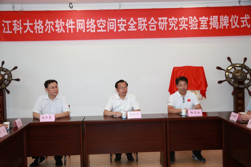9月23日,江苏科技大学与格尔软件股份有限公司共建“网络空间安全联合研究实验室”仪式隆重举行。周南平校长,格尔软件总经理杨文山,龙8-long8(中国)唯一官方网站毕业十年、二十年、三十年校友代表,格尔软件总经理助理杨弘斐,龙8-long8(中国)唯一官方网站党政领导和科研团队负责人等参加揭牌仪式。
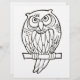 Coloriage de la page du livre. Caricature de hibou assise sur une branche regardant devant.
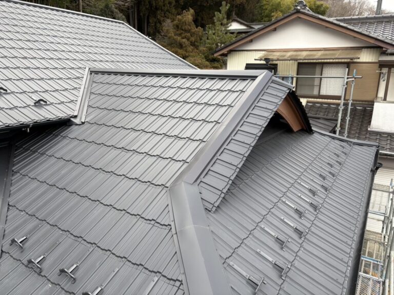 「入母屋屋根」の旧家を「レクトプルーフ」に葺き替え工事 施工前 現地調査 ご提案 弊社のホームページを見てご相談を頂き現地調査にお伺いいたしました。今回のお宅は昔ながらの大きな旧家ということもあり、平屋ですが屋根の高さや面数、納まりの複雑さなどをしっかり確認する必要
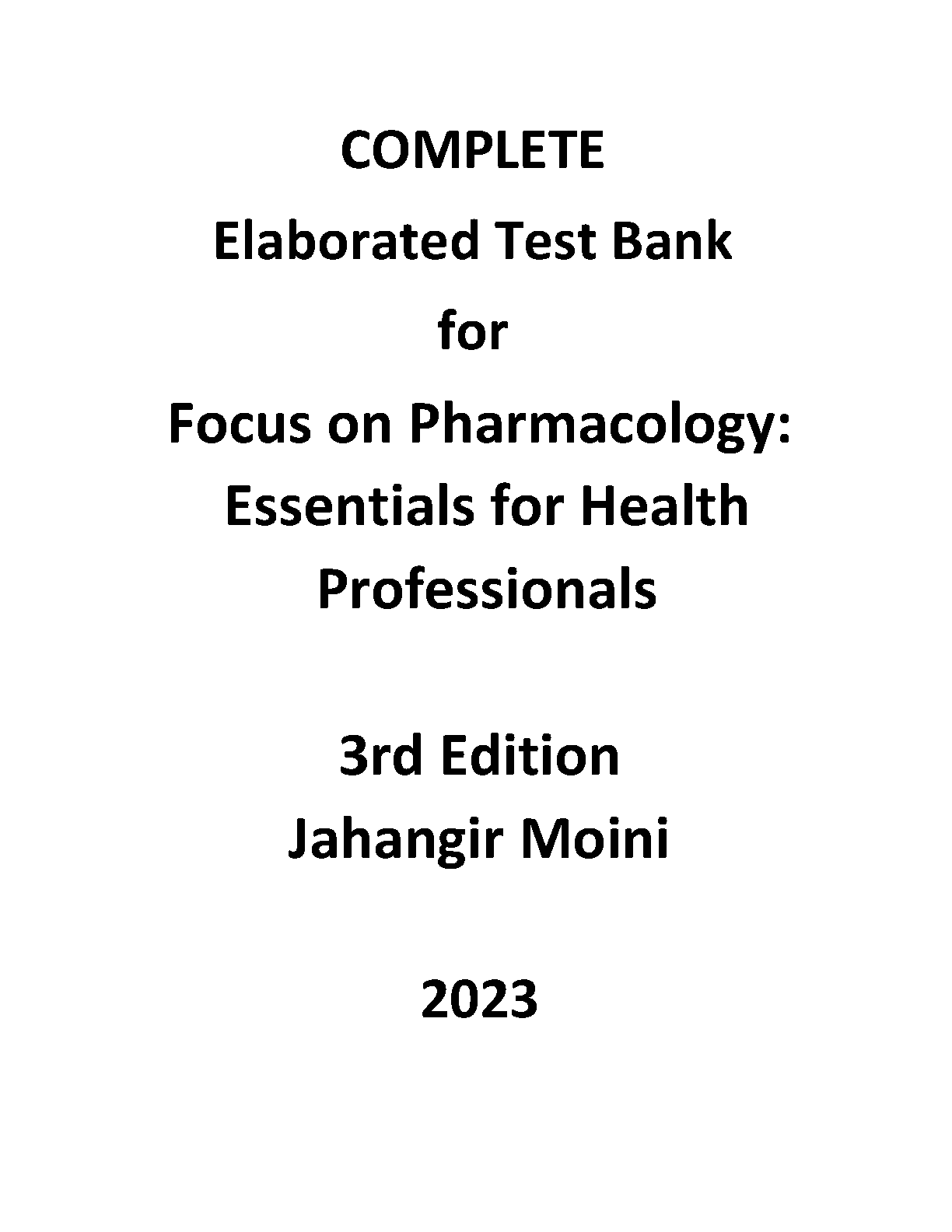 Focus on Pharmacology 3rd Edition Test Bank by Jahangir Moini - Ace Your Exams with Confidence!
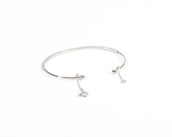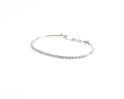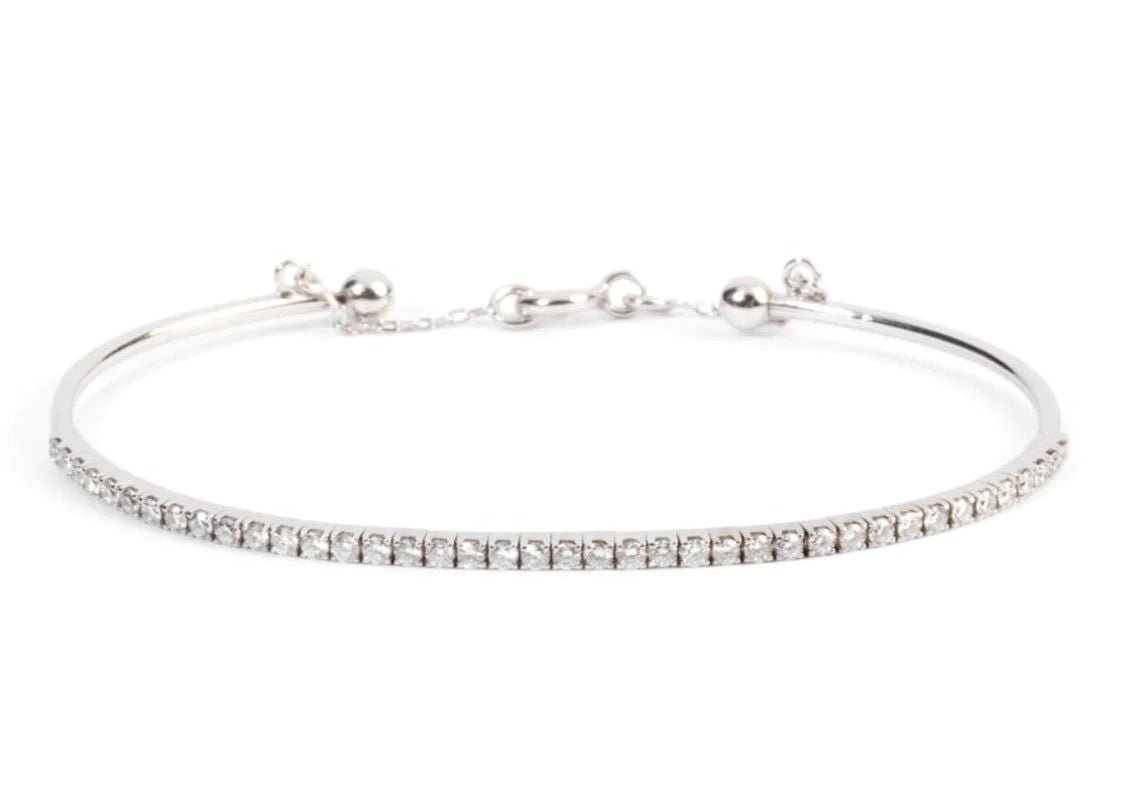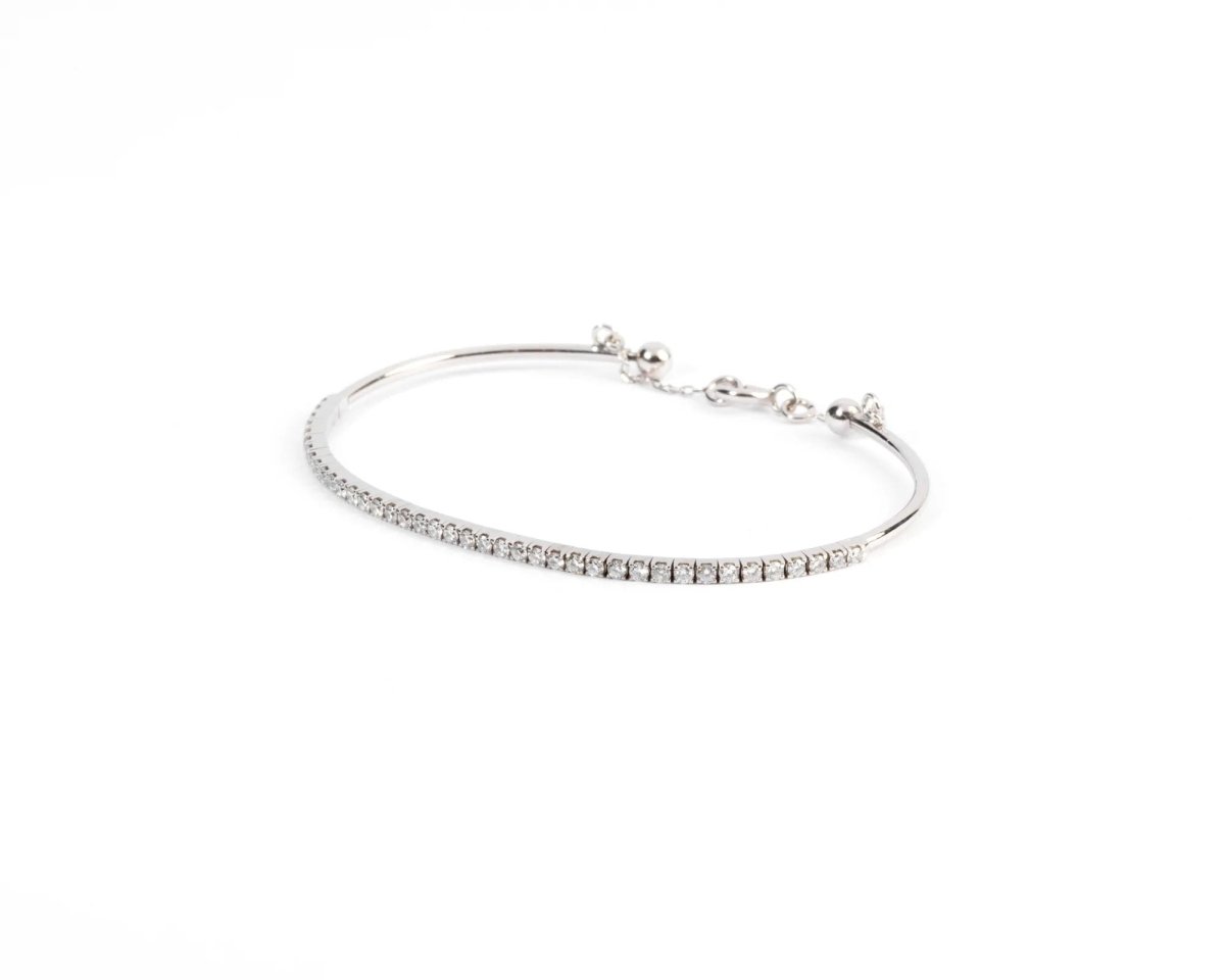 Bracelet demi jonc or gris et diamant sur le dessus avec chainette de sécurité. Matière : Or gris 18k Poinçon : Tête d'aigle Poids : 4,5 grs Diamètre : 6 cm Nombre de pierres: 40 Nombre carat: 0,90 ct Période: 2000
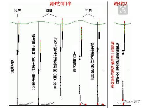 笔者这种调漂方法,只有两步,比起五步法要简单不少,只要有点调钓的经验就能轻松的掌握。而且这种方法,不需要反复精确找底,只要钓目大于漂目,那么就代表钩饵已经有地面支撑了,此时钩饵肯定已经到底了。假如漂尾露出水面不是很多,说明钩饵卧底不是很多,这种情况不会过于迟钝。
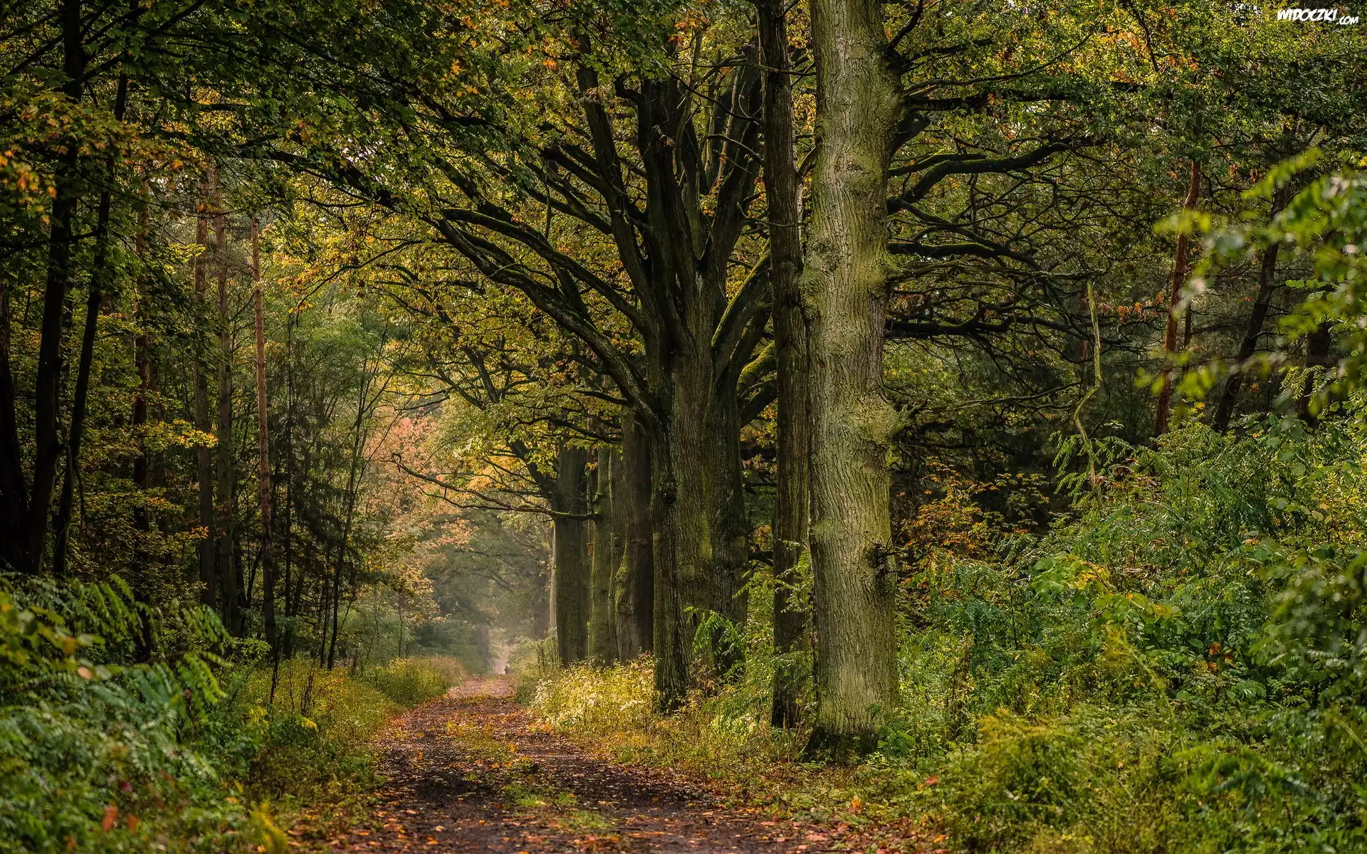 Zdjęcia, Las, Droga, Liście, Jesień
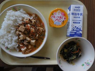 【給食メニュー】マーボー丼、牛乳、チョレギサラダ、フルーツ杏仁です。「チョレギ」とは韓国語で浅漬けのキムチを意味するそうです。給食は誰もが食べやすいように辛さを控えめに作られています。給食も残り1回となりました。今日も美味しくいただきました。ごちそうさまでした。
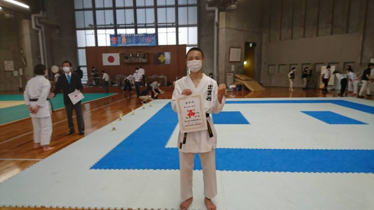 本校生徒の坂根諒哉くん(2年)が男子個人組手の部で見事第1位を獲得しました!
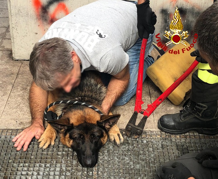 Un cane di razza pastore tedesco è stato liberato dai vigili del fuoco di Montevarchi dopo essere rimasto incastrato con le zampe anteriori in una grata di via Meuccio Ruini. È avvenuto questa mattina, domenica 15 settembre. L'animale è stato in poco tempo rimesso in condizioni di poter tornare con serenità tra le braccia del suo padrone.

● ● ● ● ● ● ●

What the task requires: Although the records above contain pictures, the copy must not; set down exactly the lines from the one with "Focus on Pharmacology" up to and including the one with "Bracelet demi jonc".

Output:
 Focus on Pharmacology 3rd Edition Test Bank by Jahangir Moini - Ace Your Exams with Confidence!
 Bracelet demi jonc or gris et diamant sur le dessus avec chainette de sécurité. Matière : Or gris 18k Poinçon : Tête d'aigle Poids : 4,5 grs Diamètre : 6 cm Nombre de pierres: 40 Nombre carat: 0,90 ct Période: 2000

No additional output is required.